§ GIVEN RECORDS:
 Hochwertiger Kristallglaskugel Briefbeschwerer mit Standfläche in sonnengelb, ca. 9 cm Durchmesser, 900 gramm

==

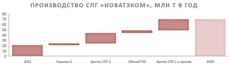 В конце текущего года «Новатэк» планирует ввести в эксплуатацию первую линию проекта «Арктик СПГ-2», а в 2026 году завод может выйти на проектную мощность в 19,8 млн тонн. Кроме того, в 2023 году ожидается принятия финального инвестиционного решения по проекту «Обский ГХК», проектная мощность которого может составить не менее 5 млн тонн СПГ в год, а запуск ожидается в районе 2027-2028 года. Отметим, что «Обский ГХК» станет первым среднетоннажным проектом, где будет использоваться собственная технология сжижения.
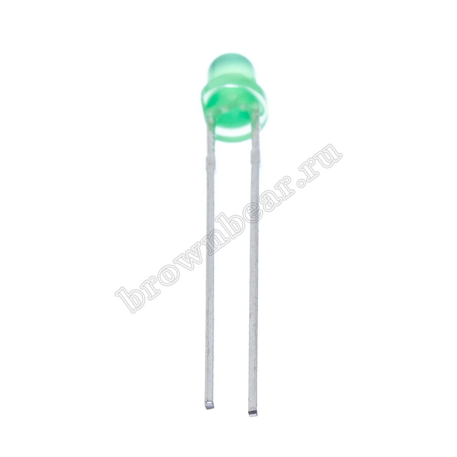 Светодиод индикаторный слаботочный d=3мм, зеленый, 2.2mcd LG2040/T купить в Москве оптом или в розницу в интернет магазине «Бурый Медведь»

...

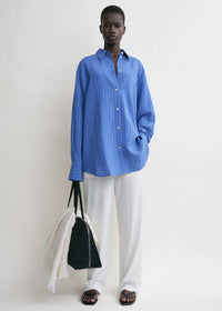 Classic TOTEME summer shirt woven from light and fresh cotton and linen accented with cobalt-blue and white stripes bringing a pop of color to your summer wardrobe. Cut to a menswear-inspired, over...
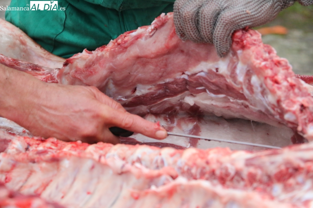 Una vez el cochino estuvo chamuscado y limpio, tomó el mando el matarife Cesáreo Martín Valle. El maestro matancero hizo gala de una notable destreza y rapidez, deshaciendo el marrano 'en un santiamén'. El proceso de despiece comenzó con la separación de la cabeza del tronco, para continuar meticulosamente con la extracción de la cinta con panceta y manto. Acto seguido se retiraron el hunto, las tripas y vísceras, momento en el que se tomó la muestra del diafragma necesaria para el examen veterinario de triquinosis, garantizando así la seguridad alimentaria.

§ TRY IT: Return only the part above that opens with the line containing "В конце текущего" and closes with the line containing "Светодиод индикаторный слаботочный", exactly and with both ends, skipping the pictures.

§ YOUR RESPONSE:
 В конце текущего года «Новатэк» планирует ввести в эксплуатацию первую линию проекта «Арктик СПГ-2», а в 2026 году завод может выйти на проектную мощность в 19,8 млн тонн. Кроме того, в 2023 году ожидается принятия финального инвестиционного решения по проекту «Обский ГХК», проектная мощность которого может составить не менее 5 млн тонн СПГ в год, а запуск ожидается в районе 2027-2028 года. Отметим, что «Обский ГХК» станет первым среднетоннажным проектом, где будет использоваться собственная технология сжижения.
 Светодиод индикаторный слаботочный d=3мм, зеленый, 2.2mcd LG2040/T купить в Москве оптом или в розницу в интернет магазине «Бурый Медведь»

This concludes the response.